Then industrious settlers -- and, it should be noted, industrial-scale cattle empires -- began diverting the streams that fed the river of the lakes to irrigate their fields. At first the main crops were feed for the cattle. Then came the endless wheat fields 2 that muckraking novelist Frank Norris wrote about in "The Octopus," then cotton, oranges, grapes, almonds, pistachios, tomatoes and lots of other good things.
Tulare Lake is gone (although it makes a partial reappearance during very wet years like this one), but what the California Department of Water Resources now dubs the Tulare Lake Hydrologic Region is the most productive agricultural region in the state -- making it, by extension, the most productive agricultural region in the U.S. and probably the world.
Not everybody calls it the Tulare Lake Hydrologic Region.

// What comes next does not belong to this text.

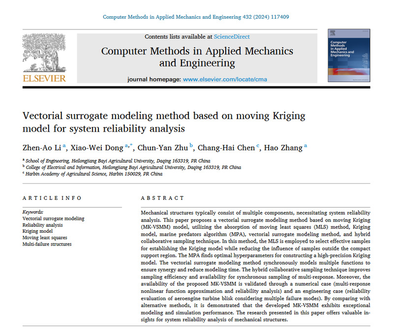近日,計(jì)算力學(xué)頂級(jí)期刊《Computer Methods in Applied Mechanics and Engineering》(簡(jiǎn)稱CMAME,中科院一區(qū)TOP,IF:6.9)在線發(fā)表了題為Vectorial surrogate modeling method based on moving Kriging model for system reliability analysis的研究成果。碩士研究生李振澳為論文第一作者,論文通訊作者為董曉威教授。

It's generally known as the southern half of the San Joaquin Valley, the name that Spanish army officer Gabriel Moraga gave to what had previously been known as the Valle de los Tulares -- for the plants, called tules in English, 3 that abounded in its wetlands -- in 1806. But conflating what is also called the Tulare Lake basin or just the Tulare basin with the rest of the San Joaquin Valley risks obscuring what is so remarkable, and potentially endangered, about it.
Other California farming areas are more iconic: the vineyards of Napa and Sonoma counties, the berry and vegetable fields of the coastal valleys, the improbable, Colorado River-fueled desert abundance of Imperial County in the state's southeastern corner. But in terms of value of agricultural production, none comes anywhere close to the four-county Tulare Lake region and its 3 million acres of farmland. In fact, not many states come close. In 2015, the most recent year for which data is available, the Tulare basin's $22.5 billion in agricultural cash receipts accounted for 49 percent of California agricultural production and 6 percent of U.S. production:
To slice it another way, the Tulare Lake basin's Tulare, Fresno and Kern counties 4 were the state's (and the country's 5 ) first, second and third counties for agricultural production in 2015. The fourth Tulare basin county, Kings County, was No. 9 in the state. The four counties of the northern San Joaquin Valley, the part actually drained by the San Joaquin River, came in places 5, 6, 7 and 10. Coastal Monterey and Ventura counties were 4 and 8.
Farming in the Tulare basin generally isn't bucolic, or picturesque -- although the citrus groves at the edge of the Sierra Nevada foothills can be lovely. It's large-scale, industrial agriculture. While there are thousands of family-owned-and-operated farms, ranches and dairies, the region's signature enterprises are giant ones such as the Boswell cotton empire and the almond, pistachio, citrus and pomegranate juggernaut that is the Wonderful Co. LLC, owned by the Resnicks of Beverly Hills. The Tulare basin has been the location of titanic management-labor battles -- Cesar Chavez's famous grape boycott grew out of a strike in Delano -- and of Merle Haggard plaints:
I can see mom and dad with shoulders low/Both of 'em pickin' on a double row/They do it for a livin' because they must/That's life like it is in the Tulare dust.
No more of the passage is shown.